WHAT YOU WILL DO
Pictures stay out. Extract the lines below from the first one through the line with "Enteriza bebe, con", both included.

*** Block opens ***

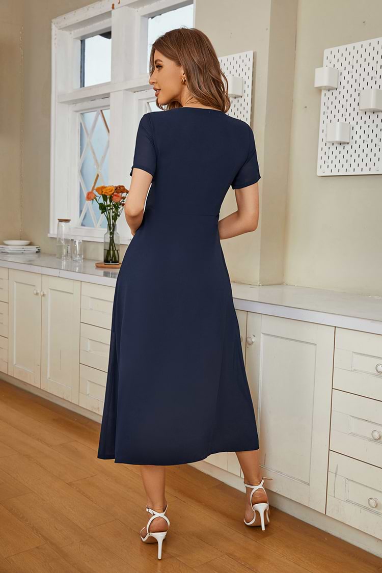 V-Ausschnitt Ruching geteiltes A-förmiges Kleid mit Reißverschluss
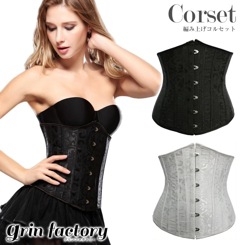 コルセットTバックくびれ編み上げダイエットアンダーバストブラックホワイト黒白ウエスト引き締めおしゃれ
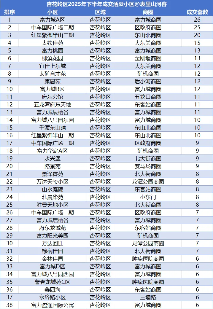 以下为各城区活跃小区,如果你有心仪的目标城区,那么下面的榜单更有参考价值:
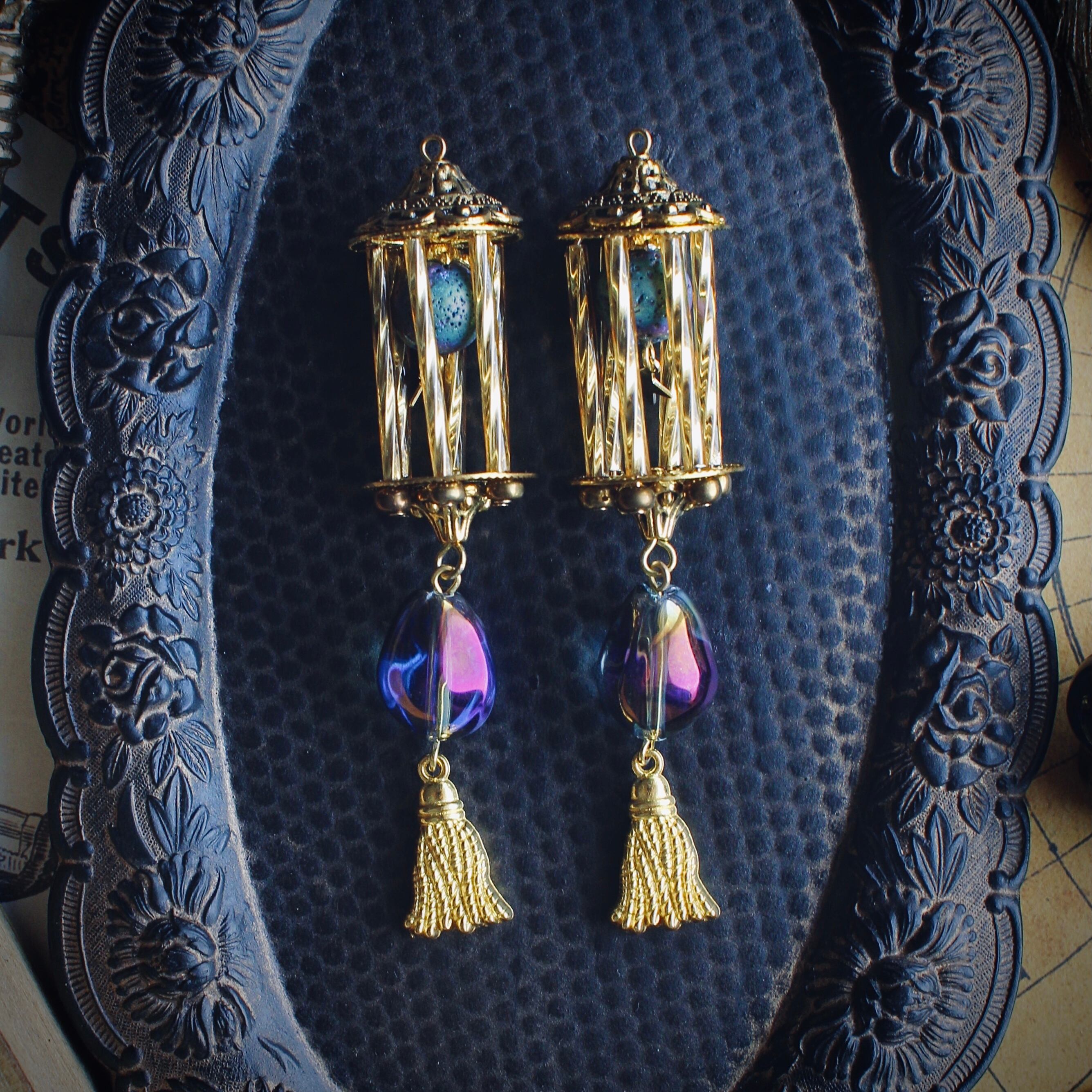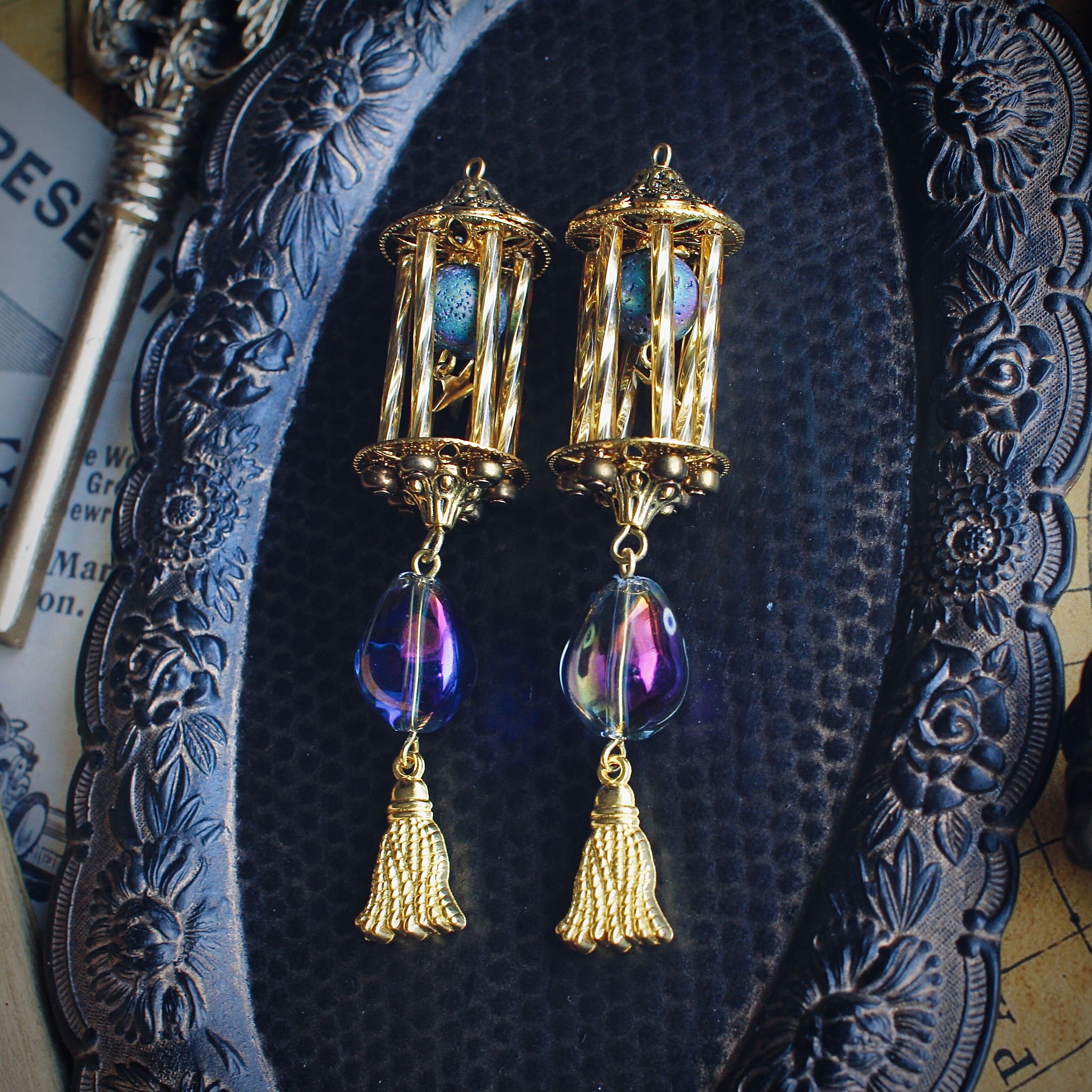 メテオールランプ 天然石と大粒ガラスビーズのグラデーションが美しい揺れるタッセルチャーム・ピアス・イヤリング Hermes antique
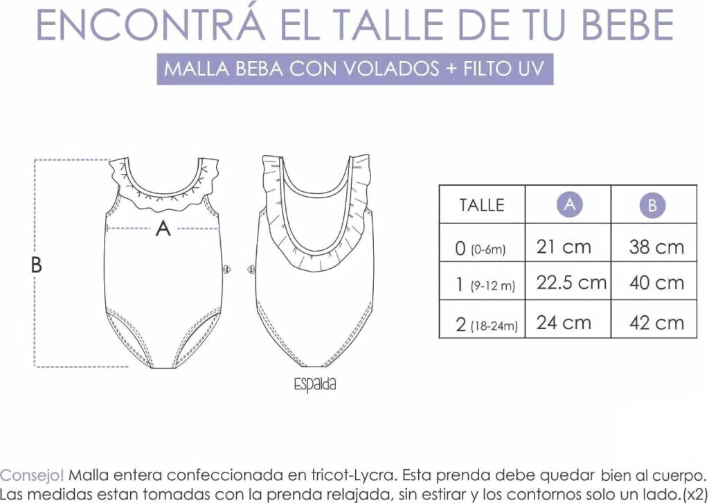 Enteriza bebe, con moño en espalda. Tiene broches para cambio de páñal.
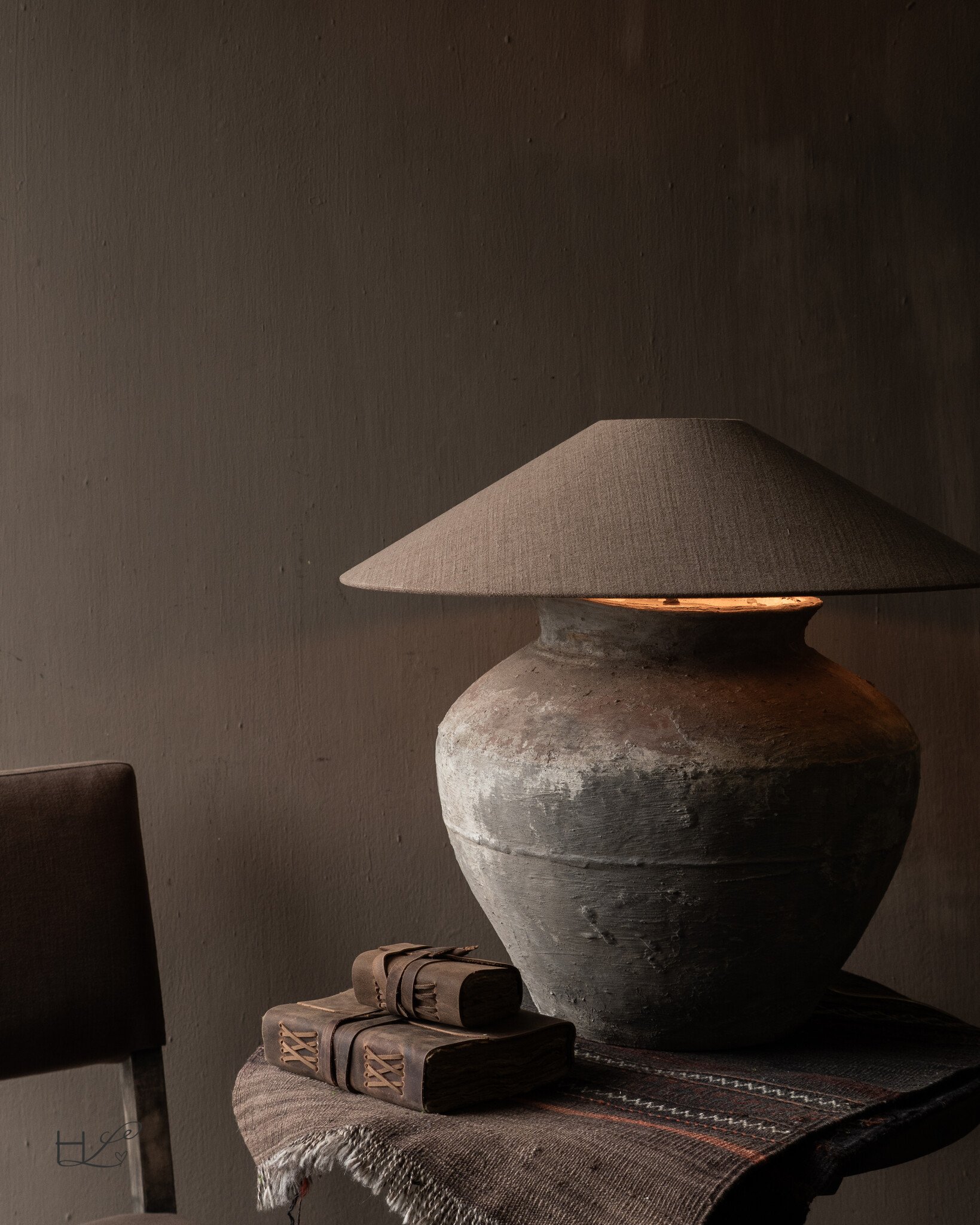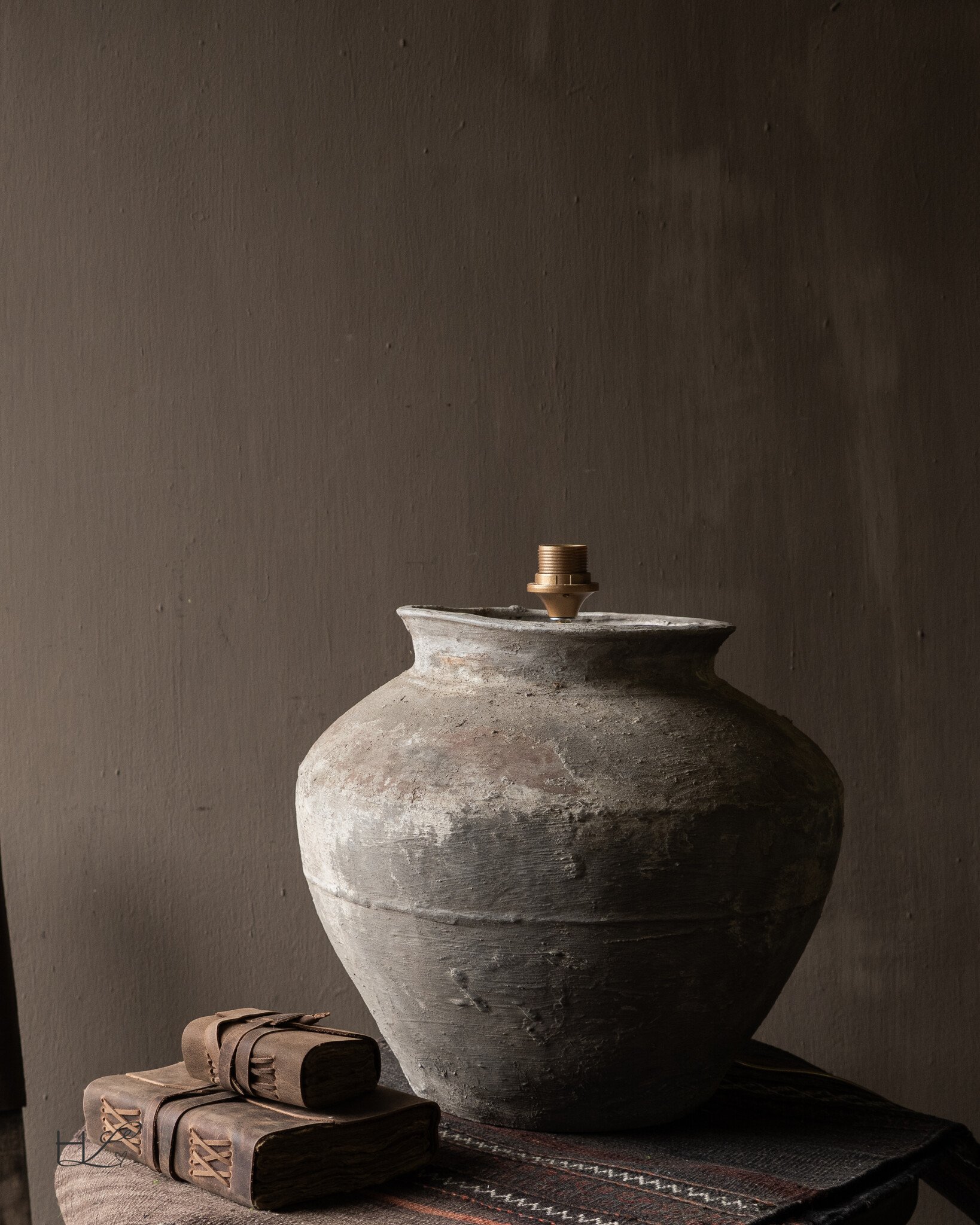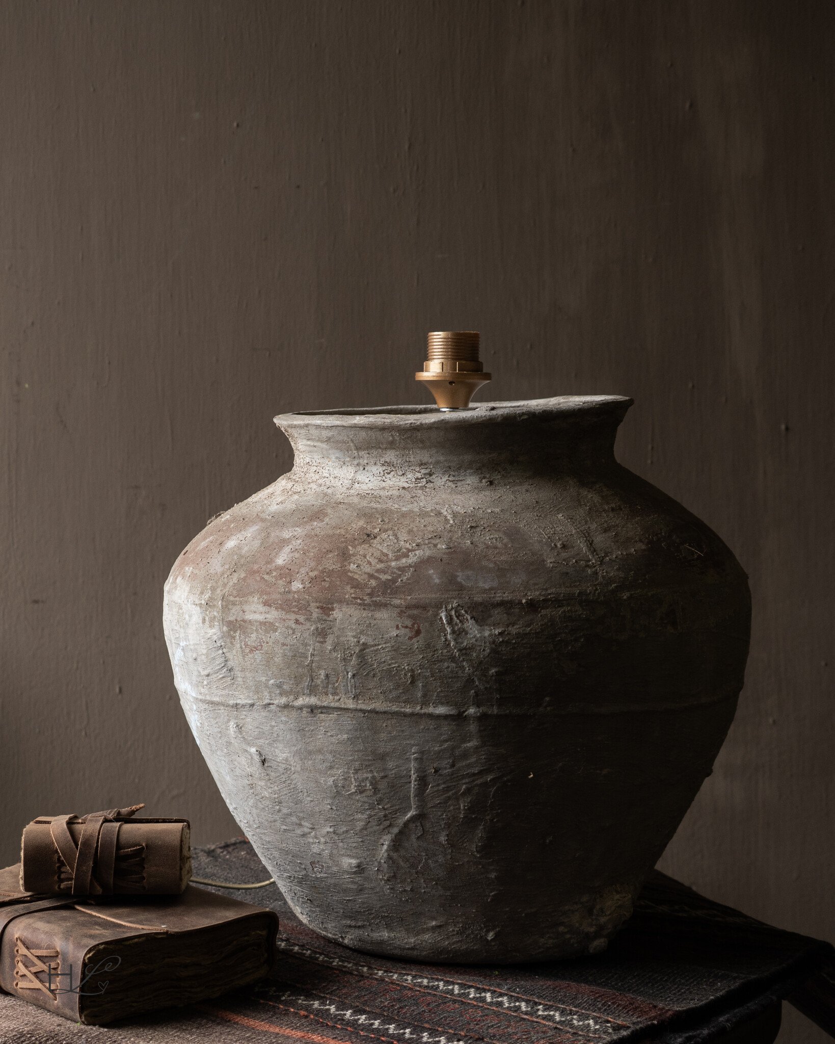 De oude pot is omgevormd tot een unieke lampvoet waarbij het authentieke karakter volledig behouden is gebleven. De organische vorm en de ruwe structuur van het aardewerk zorgen ervoor dat de lamp direct sfeer brengt in een ruimte.

*** Block closes ***

ANSWER
 V-Ausschnitt Ruching geteiltes A-förmiges Kleid mit Reißverschluss
 コルセットTバックくびれ編み上げダイエットアンダーバストブラックホワイト黒白ウエスト引き締めおしゃれ
 以下为各城区活跃小区,如果你有心仪的目标城区,那么下面的榜单更有参考价值:
 メテオールランプ 天然石と大粒ガラスビーズのグラデーションが美しい揺れるタッセルチャーム・ピアス・イヤリング Hermes antique
 Enteriza bebe, con moño en espalda. Tiene broches para cambio de páñal.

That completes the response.